Bernard Pagès

19 mars - 09 mai 2020

Bernard Pagès

19 mars - 09 mai 2020




 

 En 1972 Bernard Pagès invente un « tableau d'énumération des possibilités d’assemblage », un classement tenant compte de tous les assemblages dont deux morceaux de bois de même taille peuvent faire l’objet et évoquant aussi bien une base de données générée à l’ordinateur que les taxonomies du XVIIIe siècle, puisqu’il catalogue les diversités infinies des formes naturelles. Élaboré au départ pour conserver une trace de la portée croissante de ses innovations, ce dessin à l’encre sur papier devient bientôt la base de ce qu’il appellera son « projet utopique ». L’impulsion utopique qui réside à la base de la nomenclature non seulement classe chaque assemblage qu’une série d’éléments sculpturaux peut devenir, mais exige aussi que chaque loi sur l’ordre qu’elle expose, soit mise en pratique (1). Tout ce qui peut être, doit être.


La nomenclature de Pagès est créée après 1968, une époque à laquelle les utopies étaient à l’ordre du jour. La richesse et la portée des « solutions » proposées par le schéma étaient associées à une économie extrême des matériaux : des morceaux de bois peu travaillés et des chambres à air recyclées par exemple, ou dans ses premiers « assemblages », du gravier, des grillages en métal, des briques, du sable, des tronçons de tubes flexibles. Ces matériaux n’évoquaient ni l’excès ni le gaspillage de la société de consommation, mais l’austérité de l’enfance de l’artiste dans la campagne française pendant l’occupation allemande. L’heure était au sacrifice, mais pas à l’isolement ni à la privation. C’était « une existence particulière faite de beaucoup d’entraide », une vie sans argent, une vie d’échanges, un univers sur lequel régnaient l’autosubsistance et la solidarité. C’est dans cette utopie austère et non plausible que Pagès puise ; une utopie qu’il ravive au cours de sa première décennie consacrée à la sculpture.
Les arrangements de Pagès évoquent les sculptures d’artistes américains comme Carl Andre et Richard Serra, leur disposition principalement horizontale et au sol, et leur refus d’en lier les éléments les uns aux autres par des soudures, des boulons, de la colle, etc... Les assemblages ont déclenché cette idée dans son esprit, faisant naître en lui d’innombrables possibilités d'union entre des unités équivalentes, telles deux morceaux de bois dont les sculptures ont été composées.

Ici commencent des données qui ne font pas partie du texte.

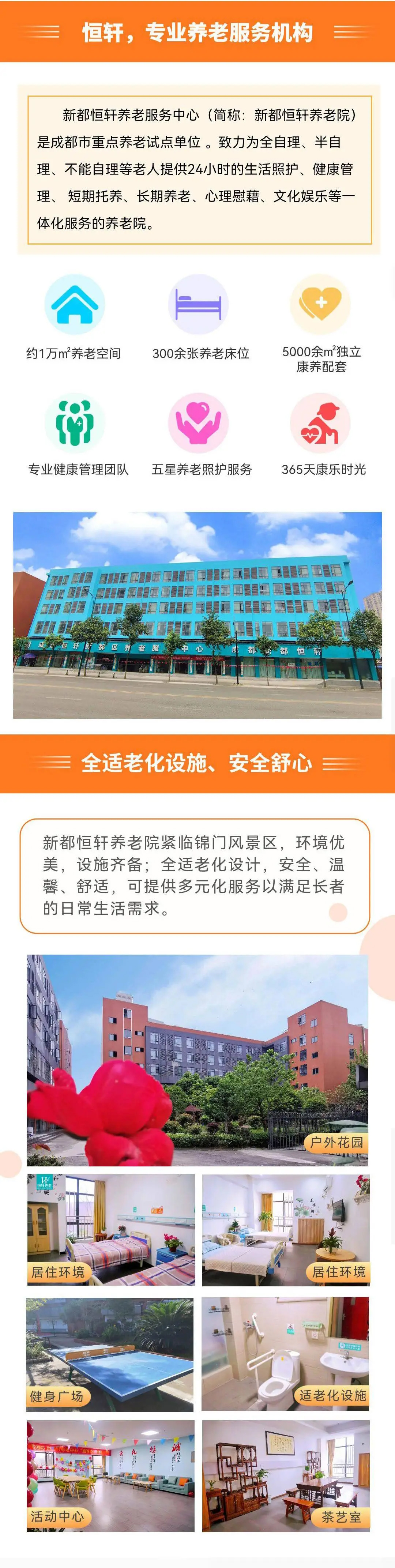 请点击输入图片描述(最多18字) 成都新都恒轩医养中心,以专业医养实力、普惠型收费、温馨居住环境,为长者提供有尊严、有保障的养老生活,欢迎家属实地考察、咨询详情。 |

Ici, il fait ressortir ce que ses pairs américains rejettent avec force : le tissu conjonctif qui lie et relie. Une grande attention aux modes de connexion fait dialoguer ses œuvres avec les sculptrices du post-minimalisme, comme Jackie Winsor. Ici aussi, l’impulsion utopique est à l'œuvre : dans l’élaboration des liens qui prédominent entre egaux.



(1)

« J’ai donc mis en place un dispositif pour couvrir l’ensemble des solutions avec le projet utopique de toutes les réaliser », Bernard Pagès, Papiers, Antibes, 2015, p. 30.